▸ Problem to solve: The reply must contain exactly the lines below from the one with "La Société de" down to the one with "Toti in Dubai", both included, and nothing more; please omit the pictures.

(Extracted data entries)
--- START ---

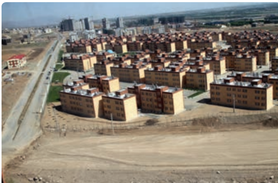
شکل ۱- ۱۵- مسکن مهر
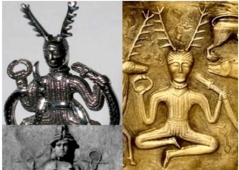
ویکا ایزد خورشید اقوام نوردیک و ژرمنها با حلقه مهر در دست
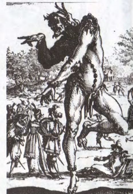
Jacques Callot / Sátiros (Detalle)
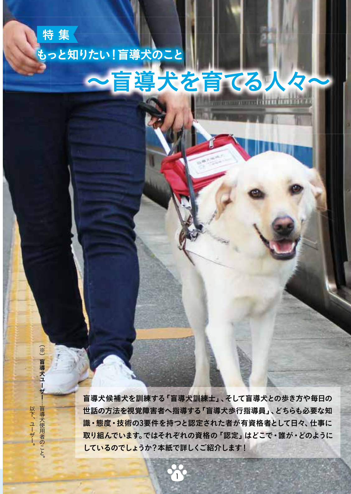
(※) 盲導犬ユーザー!...盲導犬使用者のこと。以下、ユーザー。

盲導犬候補犬を訓練する「盲導犬訓練士」、そして盲導犬との歩き方や毎日の世話の方法を視覚障害者へ指導する「盲導犬歩行指導員」、どちらも必要な知識・態度・技術の3要件を持つと認定された者が有資格者として日々、仕事に取り組んでいます。ではそれぞれの資格の「認定」はどこで・誰が・どのようにしているのでしょうか?本紙で詳しくご紹介します!
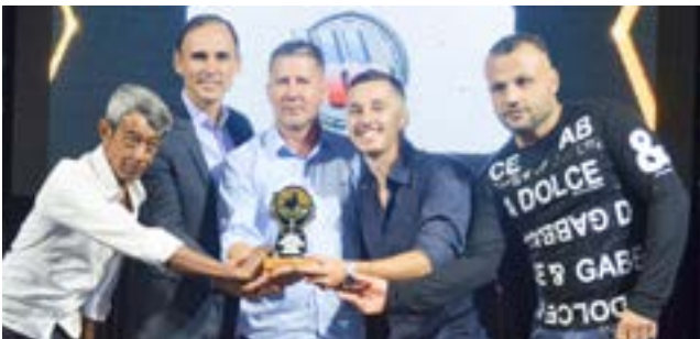
Industria de Moveis Planejados: Weber Art Moveis
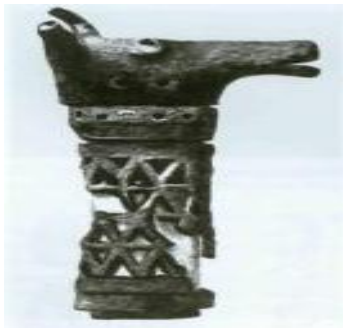
Бронзовая голова быка. IX век до н.э.

Не имеющий аналогов огромный могильник, состоящий из более чем ста погребальных курганов разных размеров и форм, был обнаружен и исследован недалеко от Шуши. Там же находилось большое количество каменных ящиков. Могильное поле функционировало в течение очень длительного времени, с последних веков II тысячелетия до н.э. до VIII-VII вв.
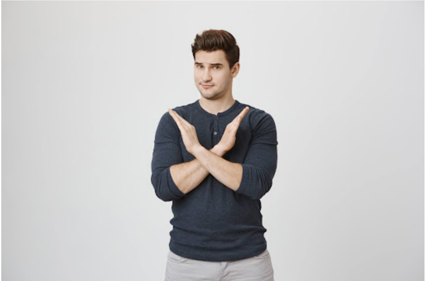
Ilustrasi pria yang menyilangkan tangan sebagai tanda menolak

Hentikan kebiasaan mengiyakan segala permintaan tanpa mempertimbangkan diri sendiri. Mengatakan tidak adalah hak yang perlu dihormati.
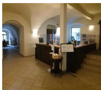
Wyndham Garden Quedlinburg Stadtschloss Hotel
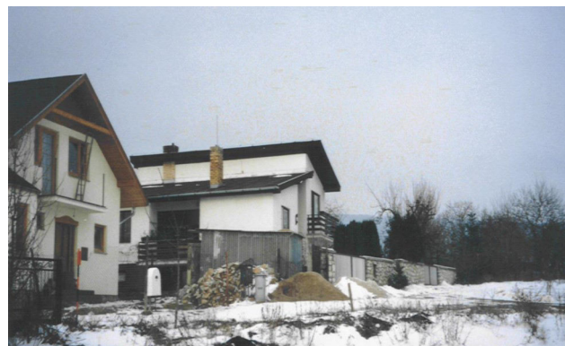
Pohľad na východnú ulicu našej obce (február 2001)
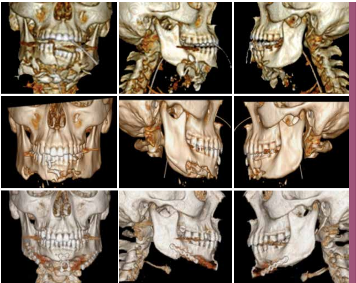
Figura 1. Arriba: tomografía del macizo facial al ingreso del paciente por emergencia. Al medio: tomografía después de la limpieza quirúrgica, reducción cruenta y osteosíntesis con alambre quirúrgico. Abajo: tomografía después de la colocación del implante y osteosíntesis respectiva.

Un paciente varón de 21 años de edad ingresa a emergencia por sufrir un traumatismo causado por arma de fuego de alta velocidad. El traumatismo compromete partes blandas y estructuras óseas del tercio inferior facial, la región submentoniana y ambas espacios submandibulares. El paciente
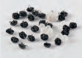
Baumwanzen-Eier / Nymphen
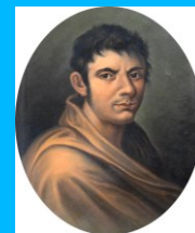
Città di Francesco Lomonaco

CITTA' DI MONTALBANO JONICO Provincia di Matera UFFICIO ALBO PRETORIO INFORMATICO www.comune.montalbano.mt.it
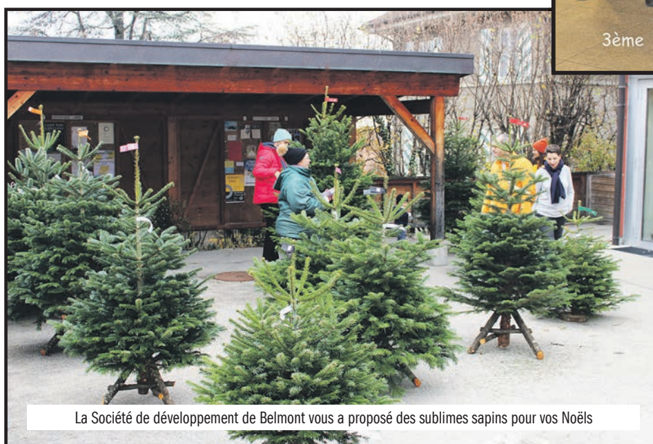
La Société de développement de Belmont vous a proposé des sublimes sapins pour vos Noëls
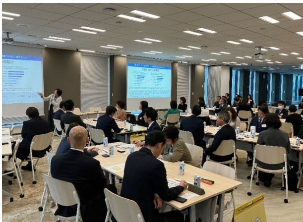
第一部 アンケート結果共有の様子

参加者：資産運用業界の経営層 合計35名、会場：アセットマネジメント One 株式会社
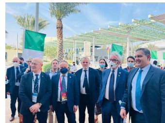
Toti in Dubai

Come risposta Toti intimava al Comune di Albenga, minacciando querele, di togliere dalla pagina Facebook lo slogan della manifestazione: "senza Pronto soccorso si muore". Dopo che Gino Rapa, anima dei "Fieui di caruggi", era stato bannato dalla pagina social della Regione, l'operazione comunicativa totiana proseguiva in puro spirito democratico (?) dal Boat Show di Dubai: "è tutta una strumentalizzazione inaccettabile e disinformazione che fanno le istituzioni e le forze politiche nei confronti dei cittadini", "la manifestazione per chiedere la riapertura del pronto soccorso si basa su idee fuorvianti...sindaci e comitati si battono per cose irrazionali...Questo è egoismo non solidarietà..."
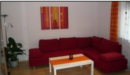
Wohnzimmer mit Schlafcouch

Exklusive moderne 2-Zimmerwohnung 60qm, im Münchner Osten. NEU renoviert im mediterranen Stil.
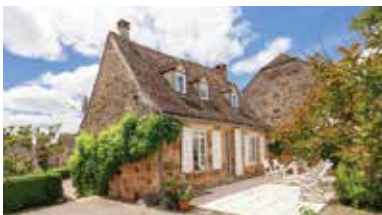
Mittelfrankreich, Dordogne, Frankreich - FR-00003-50
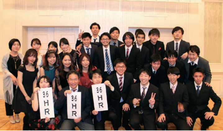
卒業6年目となる130期の仲間が多数参加し、青春の舞台だった静岡の思い出を語り合った

130期の卒業6年目の会(卒6の会)が1月2日、静岡市駿河区のホテルセンチュリー静岡で開催された。卒業から6年、日本全国のさまざまな環境で生活を送る仲間が一堂に会し、忘れられない日となった。2時間半と短い宴会ではあったが、昔話や卒業後の話で笑い合い、肩を組み合った仲間は、いつまでも南健児であることを確信するのには十分であった。それぞれ別々の道を行っていても、皆の言葉や表情にはあのころと変わらぬ情熱と
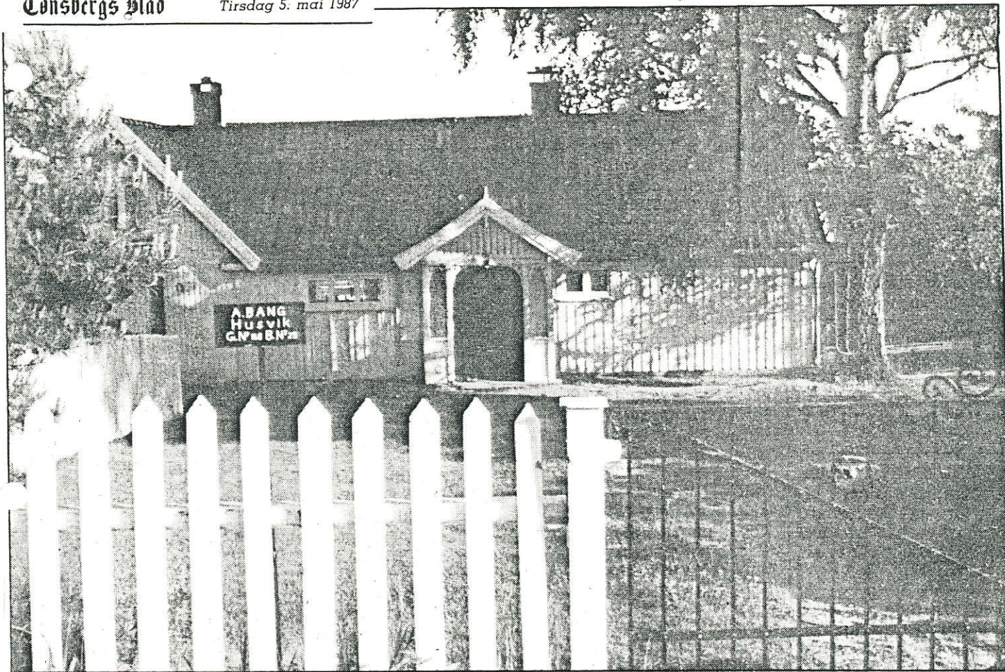
Slike veimerker sto det ved veikanten.

--- END ---

▸ Exercise output:
La Société de développement de Belmont vous a proposé des sublimes sapins pour vos Noëls
第一部 アンケート結果共有の様子

参加者：資産運用業界の経営層 合計35名、会場：アセットマネジメント One 株式会社
Toti in Dubai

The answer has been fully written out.